Considering this is the first one i've heard of, i doubt it will be a recurring issue.


----------



## spacedout (Dec 7, 2010)

Hoon said:


> Considering this is the first one i've heard of, i doubt it will be a recurring issue.


I have read about quite a few on here. Isn't the PCV valve built in so if you throw a code one has to replace the whole valve cover?


----------



## Jim Frye (Mar 16, 2011)

Curious, what was the problem? Valve cover cracked, gasket go bad?


----------



## Hoon (Mar 18, 2012)

spacedout said:


> I have read about quite a few on here. Isn't the PCV valve built in so if you throw a code one has to replace the whole valve cover?


No its built into the hose, not the cover itself.

Edit: Apparently there are two of them and one is in the cover itself, and the other is in the hose.


----------



## Vetterin (Mar 27, 2011)

Hoon said:


> Considering this is the first one i've heard of, i doubt it will be a recurring issue.


I had mine replaced at 34,000 for a hairline crack that caused an oil leak. No check engine light though.


----------



## UpstateNYBill (Jan 14, 2012)

Yup, happened to me. There are two pcv valves, one is part of the valve cover.

http://www.cruzetalk.com/forum/25-service-issues/9236-check-engine-light-32-000-miles.html


----------



## CruzeEcoBlueTopaz (Jan 5, 2012)

I replaced a valve cover at 102k just out of warranty.


----------



## Hoon (Mar 18, 2012)

Hmmm....looks like this might be more common than i thought. 

Where did they fail?


----------



## sciphi (Aug 26, 2011)

Some fail internally, some crack, and some seals need to be replaced. 

I wonder if using a less volatile full synthetic oil would help. Less oil gunk for the PCV system to process, or get stuck in the valves on engine shutdown. opblood:


----------



## AutumnCruzeRS (Sep 10, 2012)

My cam cover its starting to seep oil in front right. It seems the gasket is buckled. Im just gonna do a new seal and hope there are no other causes for this. Maybe I should get the cover as well. I was quoted $22 for the gasket alone. 
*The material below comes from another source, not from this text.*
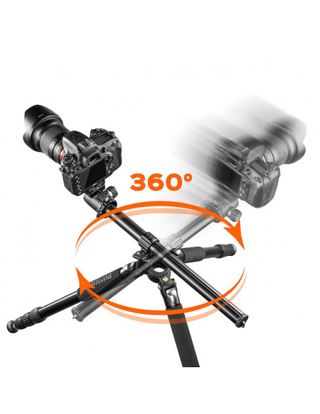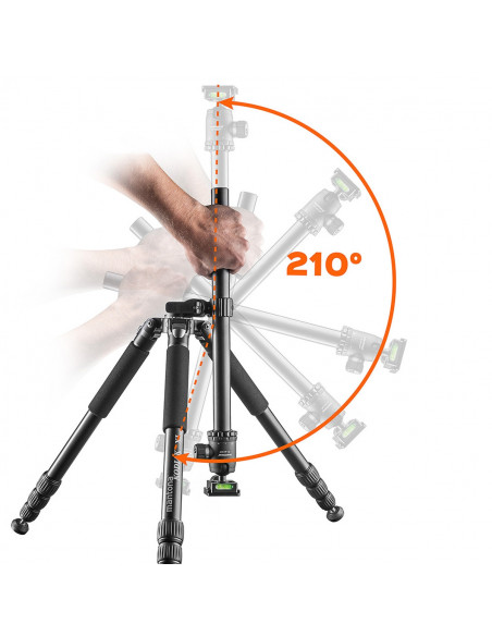 - 210° foldable and 360° rotatable center column due to innovative tripod shoulder construction
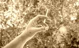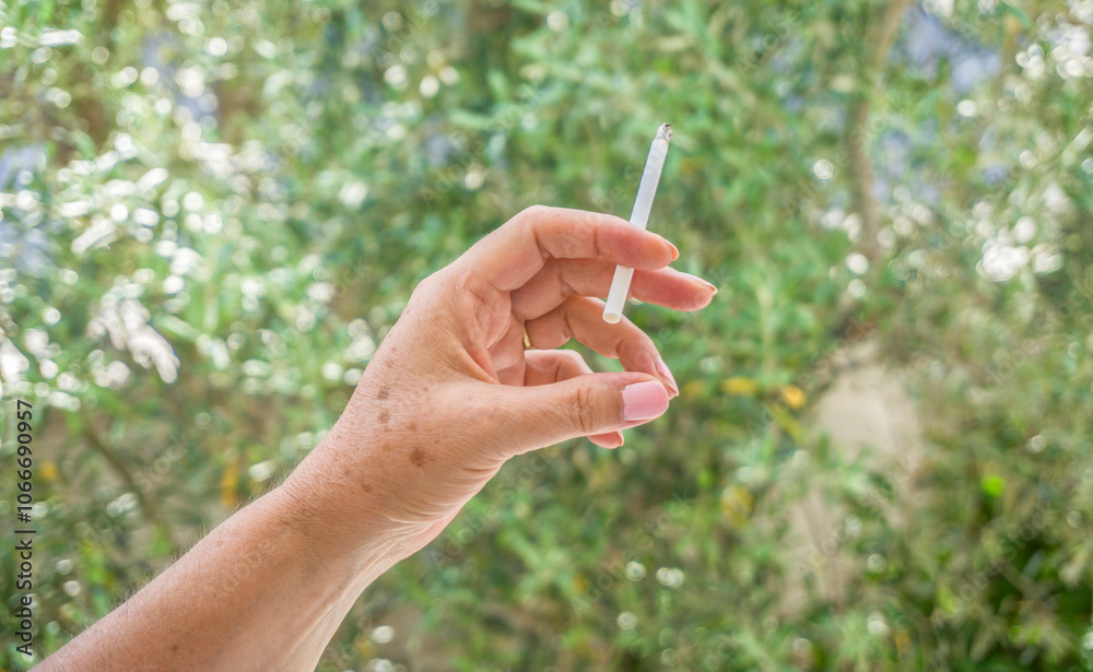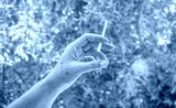 Hand holding a cigarette, surrounded by greenery, depicting smoking outdoors.

How does the cam cover connect with the intake manifold? Is it throught the head? Im asking what is the internal route of the PCV system.


----------



## RobBenzhood (Sep 27, 2014)

36000 miles - I had two lights come on. Service engine and service traction control. Also started to run rough. Ended up that there was a pin hole on the valve cover. Looks like they use pot metal to make these.


----------



## titan2782 (Nov 4, 2011)

AutumnCruzeRS said:


> My cam cover its starting to seep oil in front right. It seems the gasket is buckled. Im just gonna do a new seal and hope there are no other causes for this. Maybe I should get the cover as well. I was quoted $22 for the gasket alone.
> 
> How does the cam cover connect with the intake manifold? Is it throught the head? Im asking what is the internal route of the PCV system.


Have a search and look for my valve cover/pcv threads. I pulled the cover and took lots of pics and explained how it all worked. The valve covers are pretty sturdy, but when the crappy PCV system fails, it can cause all sorts of issues. Replaced 3 in my '11 Eco before getting rid of it at 77k. But to be fair, I was messing around with catch cans and I caused the failures.


----------



## Merc6 (Jun 8, 2013)

RobBenzhood said:


> 36000 miles - I had two lights come on. Service engine and service traction control. Also started to run rough. Ended up that there was a pin hole on the valve cover. Looks like they use pot metal to make these.


Welcome to the forums, what year is your car?


----------



## bajaskier (Feb 11, 2014)

*Cracked valve cover*



Hoon said:


> Considering this is the first one i've heard of, i doubt it will be a recurring issue.


Mine just cracked. Oil blew all over the knock sensor and shorted that as well.


----------